GELORA.CO - Mantan pimpinan DPR, Fahri Hamzah, mempertanyakan para pegawai KPK yang tak lulus tes wawasan kebangsaan (TWK) sebagai proses seleksi alih status menjadi ASN. Pernyataan itu menjadi serangan balik bagi Fahri.
Kasatgas penyelidik KPK, Harun Al-Rasyid menilai Fahri tidak tahu banyak apa yang terjadi di dalam KPK. Harun mengatakan pihaknya sudah teriak sejak Perkom No. 1 tahun 2021 disahkan.
"Waktu Perkom No 1/2021 disahkan itu kami sudah teriak. FH itu tahu apa? Tahunya kan cuman ngomong doang dan ndak pernah dapet informasi yang utuh yang dia terima," kata Harun kepada wartawan, Sabtu (12/6/2021) malam.
Harun mengatakan Fahri Hamzah tak suka dengan KPK sejak kasus Rokhmin Dahuri (Menteri KP Kabinet Gotong Royong periode 2001-2004). Padahal, kata Harun, KPK tidak pernah menyerang individu ataupun kelompok.

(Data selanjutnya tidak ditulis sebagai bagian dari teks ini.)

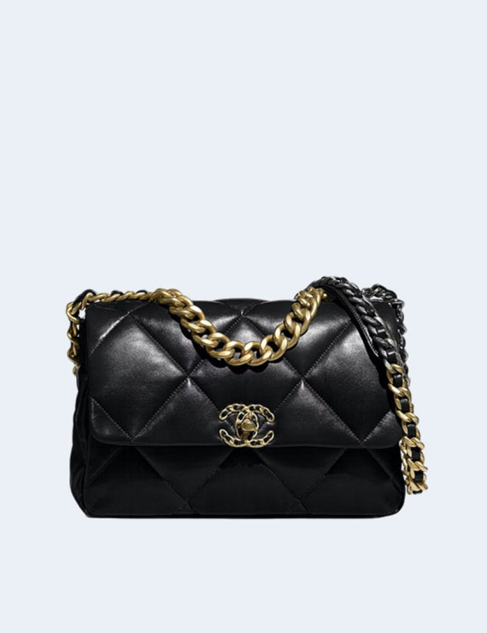 샤넬 19백 미디움 램스킨 블랙 골드

"Sejak kasus Rokhmin, dia itu kan staf pribadinya nah dia mulai terancam di sana, terus dia masuk PKS, LHI (Luthfi Hasan Ishaaq) kena, itu kan kita nggak menyerang mematikan partai, tapi kita kelakuan orangnya, akhirnya Fahri itu kan dikeluarkan sama PKS, itu kelakuannya dia," ujarnya.
"Memang sejak awal dia benci mati gara-gara kasusnya Rokhmin, dulu Fahri belum apa-apa sudah kita mintai keterangan, masih culun dulu dia, belum bisa ngomong apa-apa, itu bukan kasus yang aku tanganin, tapi saya sudah di KPK," lanjut Harun.

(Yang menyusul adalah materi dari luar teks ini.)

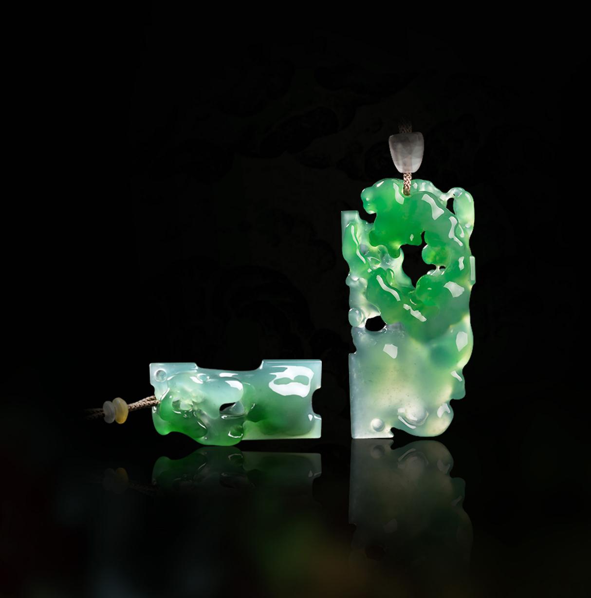 化境系列,意在還原翡翠中自然天成的美感。結合其質,形,色,意,以流暢的線條,呈現玉石雅致清逸,意境空明的天然之美。該系列作品造型抽象,在純凈靈透中展現空靈寂靜之美。在清心自由的狀態中,加以想象,感知,它或是水,是魚,是舞者,是一切生靈……成萬物之法變,應無所住而通其心,遂漸入佳境。

Harun lantas menyinggung soal kasus ekspor benur yang menjerat eks Menteri Kelautan dan Perikanan, Edhy Prabowo. Harun menganggap Fahri terlibat konflik kepentingan.
"Yang kedua kasus benur itu Fahri itu terkait itu. Itu kan masih satu perusahaan yang kita tangani, nanti kan ada 40 perusahaan itu, Fahri itu punya perusahaan ekspor benur. Takut dia itu sebenarnya itu ketar-ketirlah. Dia itu sarat kepentingan," ujar Harun yang dikenal 'Raja Operasi Tangkap Tangan (OTT)' di KPK ini.

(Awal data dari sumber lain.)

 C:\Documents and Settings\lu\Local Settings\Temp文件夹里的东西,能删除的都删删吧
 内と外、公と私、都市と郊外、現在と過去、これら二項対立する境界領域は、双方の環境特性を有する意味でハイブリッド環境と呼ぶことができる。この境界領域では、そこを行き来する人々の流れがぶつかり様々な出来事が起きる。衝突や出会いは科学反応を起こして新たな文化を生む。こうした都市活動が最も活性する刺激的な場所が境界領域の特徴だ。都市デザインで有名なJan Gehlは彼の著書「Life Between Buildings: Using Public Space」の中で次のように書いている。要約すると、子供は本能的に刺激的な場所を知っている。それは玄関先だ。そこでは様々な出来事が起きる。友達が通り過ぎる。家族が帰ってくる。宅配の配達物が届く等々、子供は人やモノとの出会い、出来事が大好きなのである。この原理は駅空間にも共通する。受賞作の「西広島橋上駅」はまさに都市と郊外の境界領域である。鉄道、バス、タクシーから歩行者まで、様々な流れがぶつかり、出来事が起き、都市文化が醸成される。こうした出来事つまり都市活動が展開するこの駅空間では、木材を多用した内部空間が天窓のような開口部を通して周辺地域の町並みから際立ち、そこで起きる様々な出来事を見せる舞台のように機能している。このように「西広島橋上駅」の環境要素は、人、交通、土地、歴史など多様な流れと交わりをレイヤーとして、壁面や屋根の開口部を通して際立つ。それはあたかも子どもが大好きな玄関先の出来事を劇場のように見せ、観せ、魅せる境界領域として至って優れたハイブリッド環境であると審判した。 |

Giri menyinggung Fahri dengan pengesahan revisi UU KPK yang banyak dikritik aktivis antikorupsi.
"Fahri Hamzah memang dari dulu mengkritik KPK, dan memimpin sidang revisi UU KPK. Jadi tidak heran pendapatnya demikian, biasa saja. Sayangnya data dan informasi yang dimiliki banyak salahnya," ujar Giri.
Giri mengungkap pegawai KPK tak protes soal TWK karena berdasarkan informasi pimpinan KPK tes itu bukan seleksi, tapi hanya untuk asesmen.
"Publik mesti memahami bahwa pegawai KPK tidak protes adanya TWK di saat pelaksanaan karena ketua KPK dan pimpinan KPK mengatakan kepada pegawai bahwa TWK bukan alat tes seleksi tetapi sebagai asesmen untuk mengetahui peta kebangsaan pegawai," ujarnya.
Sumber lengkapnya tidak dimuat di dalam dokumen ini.